Erik Staffan Olsson (born 26 March 1964) is a  Swedish handball coach and former player. Olsson, who always played with no 13, was a left-handed right backcourt player with one of the most feared shots of all the elite players. Later in his career he won praise for his great playmaking skills.

From September 2022 he is the head coach of the Netherlands' men’s national team.

Player career
Olsson was born in Uppsala. He started his career, at the age of 10, in the Swedish team Skånela. Other clubs are Huttenberg, Niederwurzbach, HK Cliff, THW Kiel and Hammarby. He played 358 caps (852 goals) with the Sweden men's national handball team.

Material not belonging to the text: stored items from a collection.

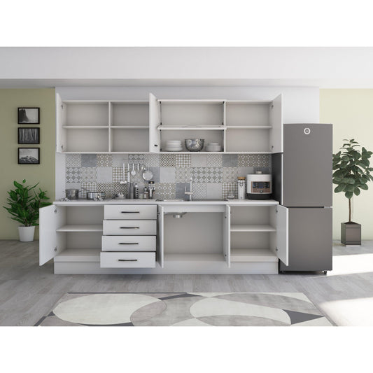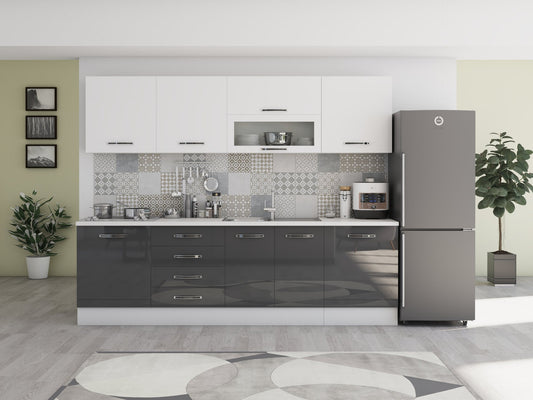 Bucatarie Alfa 260, Cu vitrina, Gri/Alb lucios, Blat termic
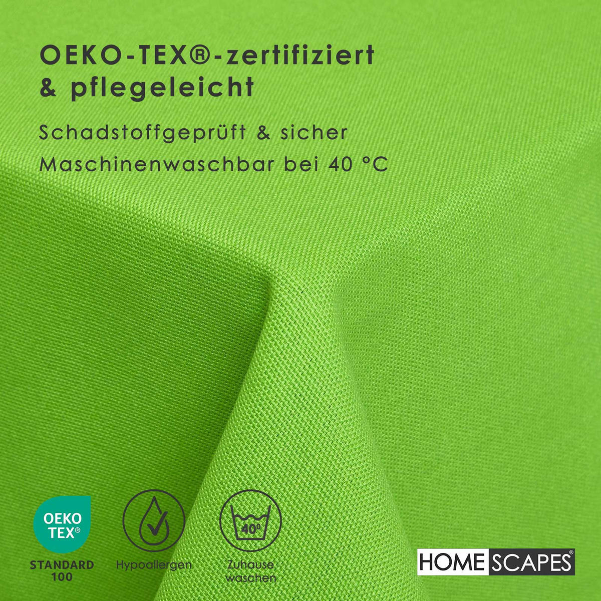 Лаймово-зеленая скатерть с мережкой - вневременная красота и ручная работаЭта элегантная скатерть свежего лаймового цвета придаст вашему обеденному столу живое прикосновение. Отделка ручной работы с мережкой подчеркивает ее высокое качество и делает ее стильным спутником как для повседневного использования, так и для праздничных случаев. Изготовленная из 100% хлопка и сертифицированная OEKO-TEX, скатерть впечатляет своим натуральным качеством и приятными на ощупь.
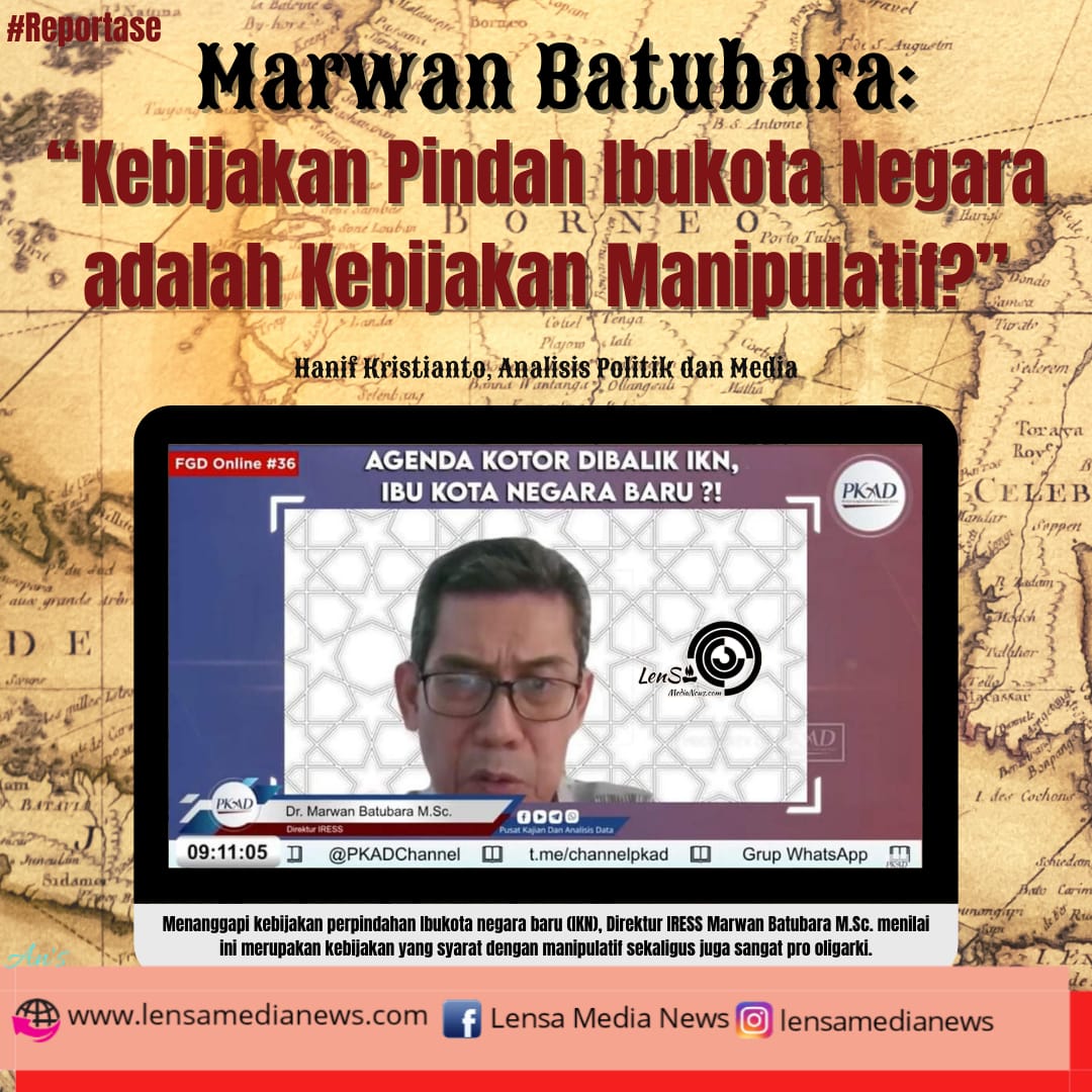Reportase – Menanggapi kebijakan perpindahan Ibukota negara baru (IKN), Direktur IRESS Marwan Batubara M.Sc. menilai ini merupakan kebijakan yang syarat dengan manipulatif sekaligus juga sangat pro oligarki.

After a long career in Germany he returned to Sweden and played his final season in Hammarby Handball, a club he later coached to three consecutive national championships.

Olympics
In 1988 he was a member of the Swedish handball team which finished fifth in the Olympic tournament. He played all six matches and scored 16 goals.

Four years later he was part of the Swedish team which won the silver medal. He played six matches and scored seven goals.

At the 1996 Games he won his second silver medal with the Swedish team. He played five matches and scored seven goals.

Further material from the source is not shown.